Трое юношей также пытались заставить моих товарищей следовать за ними.

Тут наш Чарли появился из кабинки самолета и встал на верхней ступеньке трапа — будто некий уродливый механический монстр из ночного кошмара.

Все четверо отшатнулись: на лицах троих юношей отразился страх; но по судорожному рывку, причинившему боль моей руке, я понял, что у красавицы Ишфру желание помочь нам превозмогает боязнь. И я ощутил — в жутком реве надвигающегося смерча, в холодной сырости его черной тени, — что в моем сердце рождается большая любовь к этим неведомым людям неведомого времени.

Да, страшная рожа Чарли могла напугать и опытнейшего трущобного фараона — а я не знаю людей хладнокровней, чем полисмены наших трущоб, но у этих четверых молодых людей были, должно быть, таинственные запасы духовной силы, которые позволили им принять это страшилище как должное и продолжать нам помогать. Ясно было: они хотят, чтоб мы бежали с ними.
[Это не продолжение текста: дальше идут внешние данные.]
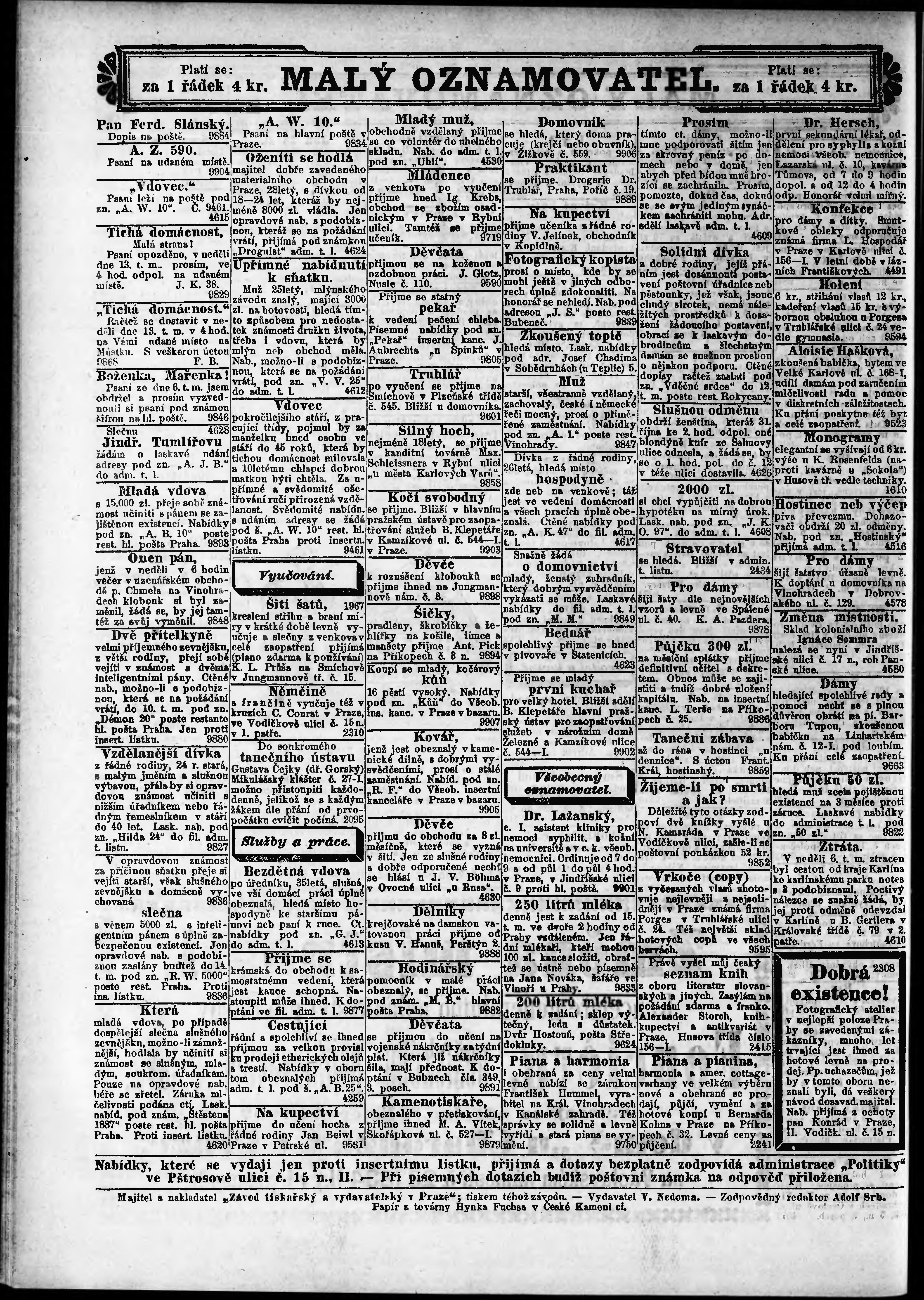 * Datum vydání výtisku: 8.11.1887 Číslo výtisku: 308 Poznámky k výtisku: ranní vydání;

— Куда? — вскричала побледневшая от ужаса Фиб. — От этого не убежать! Он будет здесь через минуту! — крикнул Бреннан. Он принял то решение, которое следовало бы принять мне. — Хватайте что можете и бежим с этими ребятами! Они здесь живут! Они знают, что к чему!

Чарли уже сам дошел до этого и теперь выбрасывал вниз наши пакеты с провизией и рюкзаки со снаряжением — все, что мы взяли с разбитого реактивщика. И мы врассыпную побежали на край поля — меня за руку тащила девушка, моим товарищам помогали юноши, а следом за нами тяжело топал Чарли.
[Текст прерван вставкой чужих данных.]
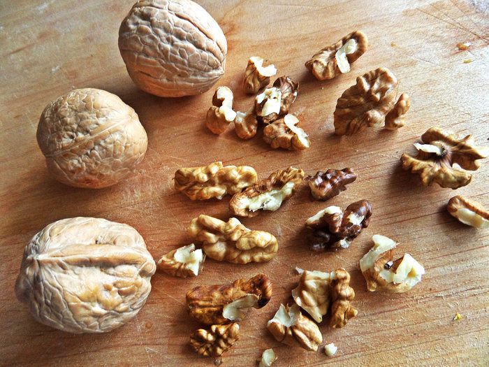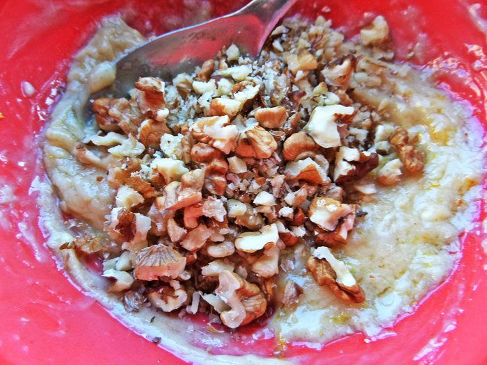 Орехи покрошить мелко.

Смерч уже наваливался на нас своей осязаемой чернотой, становилось душно, нас тошнило, и казалось, что сам воздух наполнился вдруг духом гибели. Нагнув головы, мы бежали — не зная, куда и зачем, слепо подчиняясь отчаянным понуканиям наших новых друзей.

На самом углу участка стоял бурый межевой камень, покрытый письменами; даже беглый взгляд на них сказал мне, что они не были ни иероглифическими, ни иератическими, как можно было бы ожидать. Один из юношей надавил скрытую пружину — и камень ушел в сторону, это была дверь, вращающаяся на шарнирах. Под нею открылась темная дыра.

— Штормовое убежище! — выдохнул подбежавший Бреннан. — Ну да, раз они страдают от смерчей, то приняли меры!..

И мы, держась друг за друга, побежали по каменным ступеням вниз, на сияние жемчужно-белых огней — да, электрических огней! Последний из вошедших вернул каменную дверь на место; в этот момент я обернулся и через плечо юноши успел увидеть, как последний кусочек голубого неба исчез в навалившейся на нас инфернальной черноте. Камень задрожал.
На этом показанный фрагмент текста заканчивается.